There are lots of PBX companies and lots of PBX types. I think a couple dozen companies and dozens of different switches. But the big players in the United States are Nortel Networks and Lucent Technologies. Other notable switch vendors are Alcatel in France, Siemens in the US and Europe, and Rockwell in Canada. Every switch has a different switch protocol, different CTI API and features. So writing software that can talk generically to a wide variety of switches is quite an undertaking.

Which brings me to what the CCT group does at Oracle. We handle the CTI stuff for the rest of CRM. What's our job? Our job is to write the APIs that other CRM groups use to telephony-enable their applications. Not only that, but the CCT group also handles telephony related add-on services such as routing calls and call management. So let's dig a bit deeper into the CCT architecture.

In the center, we have the Interaction, Queueing and Distribution (IQD) server. This server is notified about incoming calls and either queues them up for various agents or distributes the call immediately. The IQD talks to the Routing Server (RS), which classifies calls and tells the IQD where to route calls. The IQD and RS are global servers -- only one of each should run in an enterprise. The Oracle Database is also a global server -- you can have multiple database servers, but to all applications it should look like one big server (so the Oracle RDBMS handles caching and replication to maintain the single-view model).

Each call center in an enterprise will run an Oracle Telephony Manager (OTM). The OTM is the server that agents log into for telephony services. The OTM keeps track of calls, processes switch events, and invokes switch functionality.
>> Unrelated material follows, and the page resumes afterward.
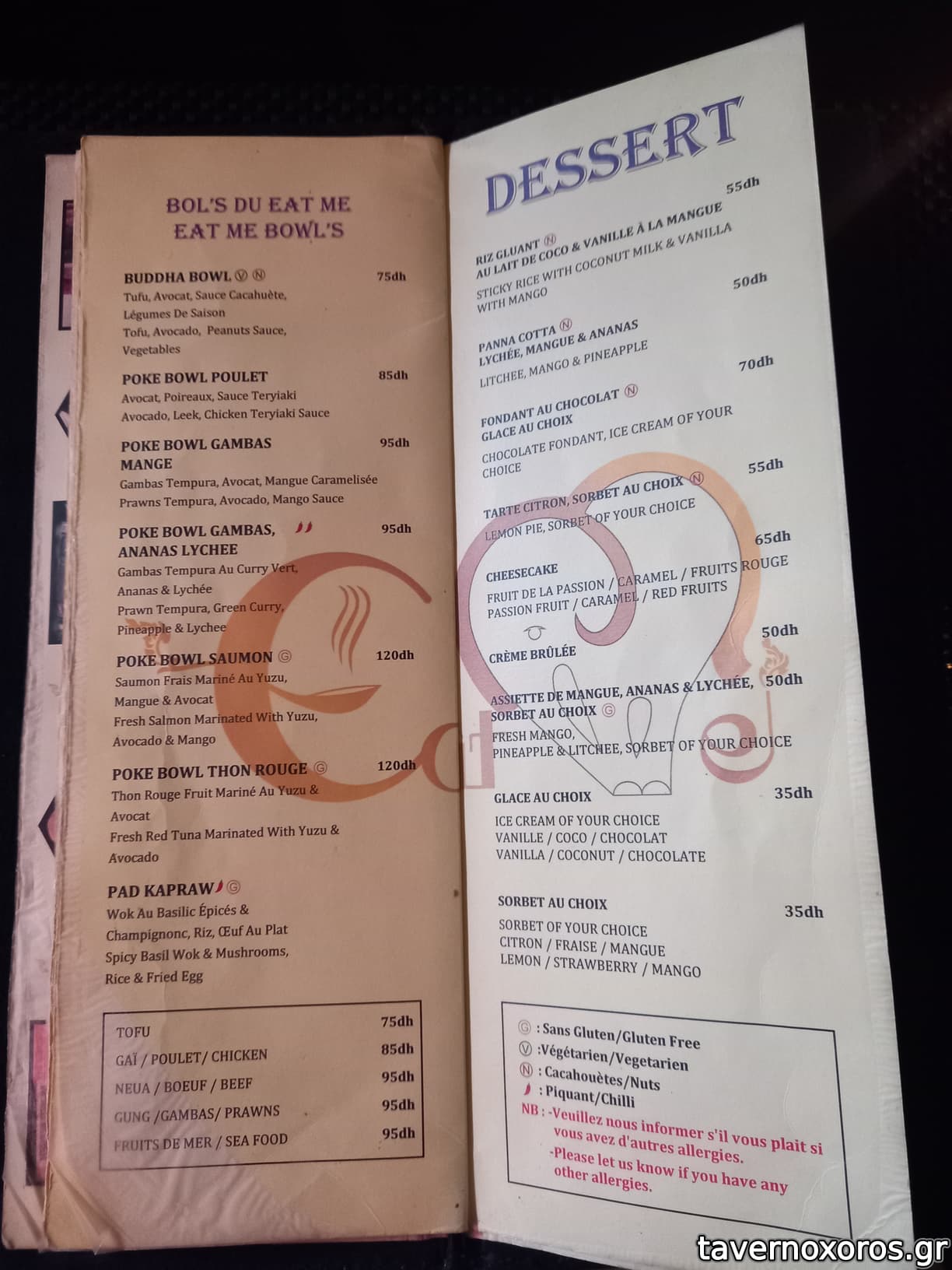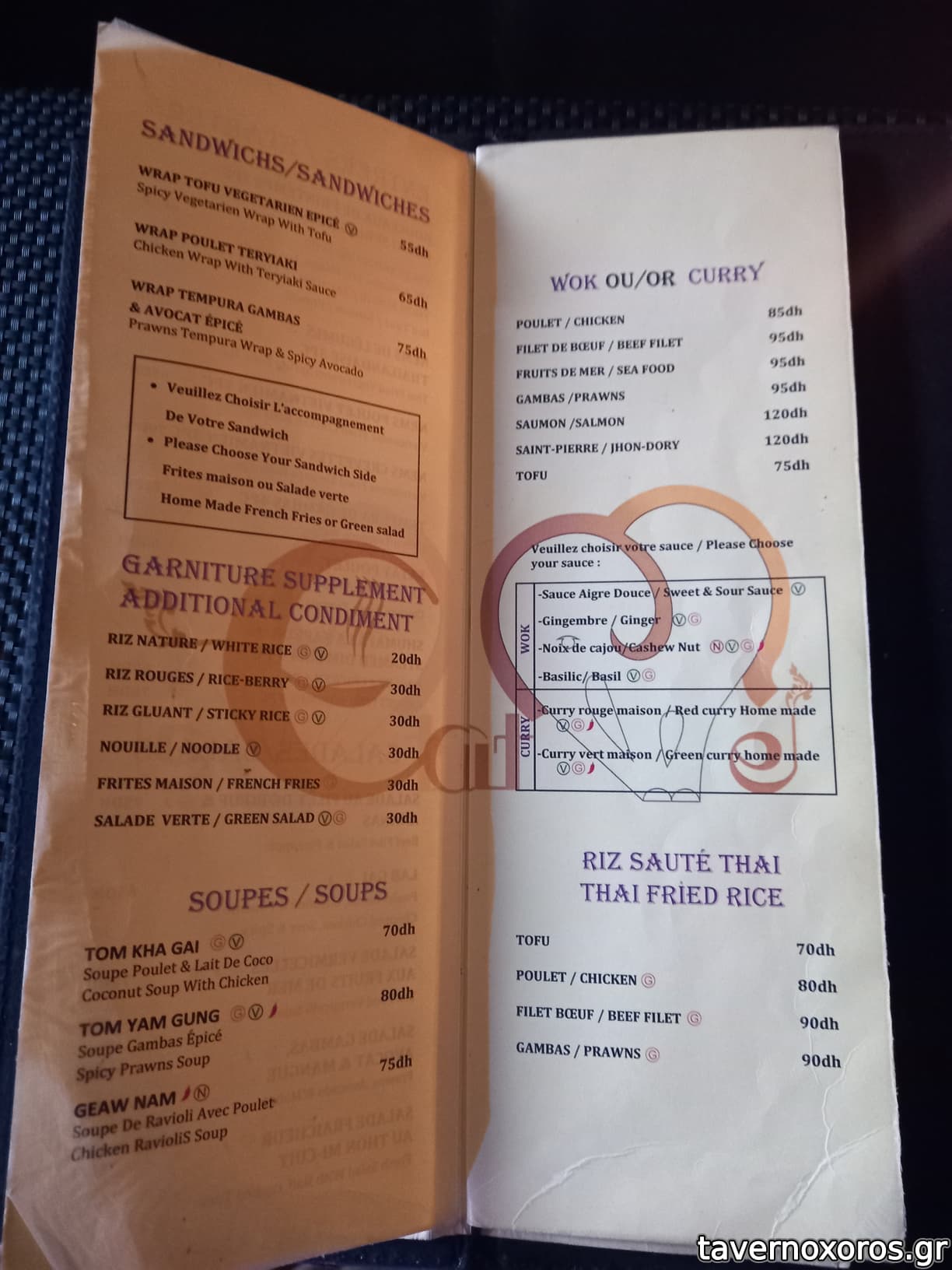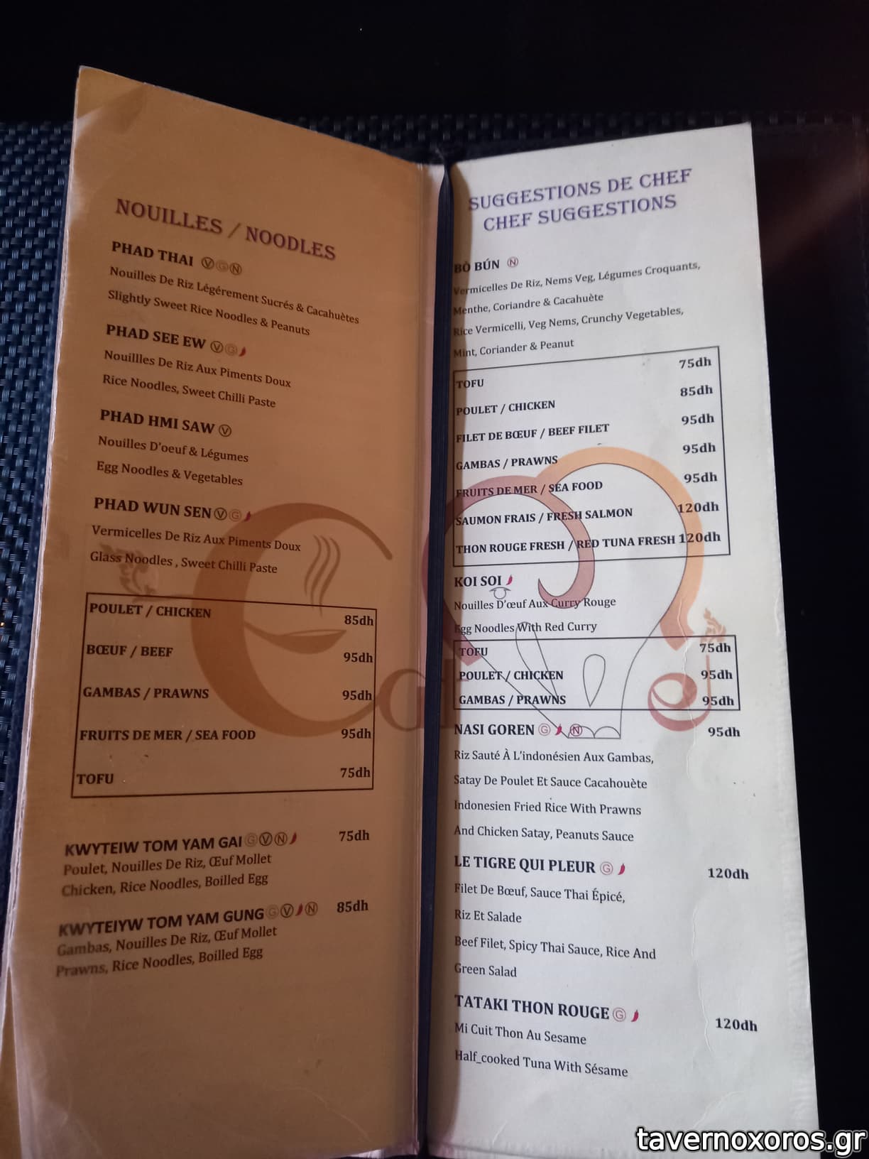 Ταϊλανδέζικο εστιατόριο στην περιοχή Gueliz του Μαρακές. Από όσα δοκίμασα κορυφαίο το Phad kapraw, ένα πιάτο με κοτόπουλο, μανιτάρια, ρύζι και αυγό αλλά κυρίως μια υπέροχη και λίγο γλυκιά σάλτσα. Το σέρβις πολύ ευγενικό από το ζευγάρι του μαροκινού ιδιοκτήτη και της ταϊλανδέζας συζύγου του.

Each call center will probably also run an Inbound Telephony Server (ITS). The ITS is an adjunct that listens to calls arriving at a switch and notifies the IQD of those calls so that the IQD can route the calls appropriately. I only mention it because my team is responsible for the ITS.

The OTM doesn't actually talk to the switch directly. All that low-level communication is run through the Call Center Connectors server (CCC). From the IQD to the ITS, all those servers run in Java (so yes, Java can be used to run near real-time applications that scale to hundreds of users). The CCC server on the other hand is a C++ server which we inherited from a small company we bought. The CCC server conceptually talks to a switch. Really, it talks to the CTI module of a switch -- and the CTI module can be a third party middleware server. But the CCC is as low as we code.

So again, I'm trying to answer what my team does. We have six people in my team and we're responsible for the CCC and ITS servers and the lower half of the OTM. It requires us to know several switches and their ideosyncrasies, C++, Java, client-server programming and some database tools. Our job also requires us to write a lot (technical manuals, API documentation, application notes), upkeep our web site, deal with other groups and customers and a lot of things that don't really come under "what they teach you in college".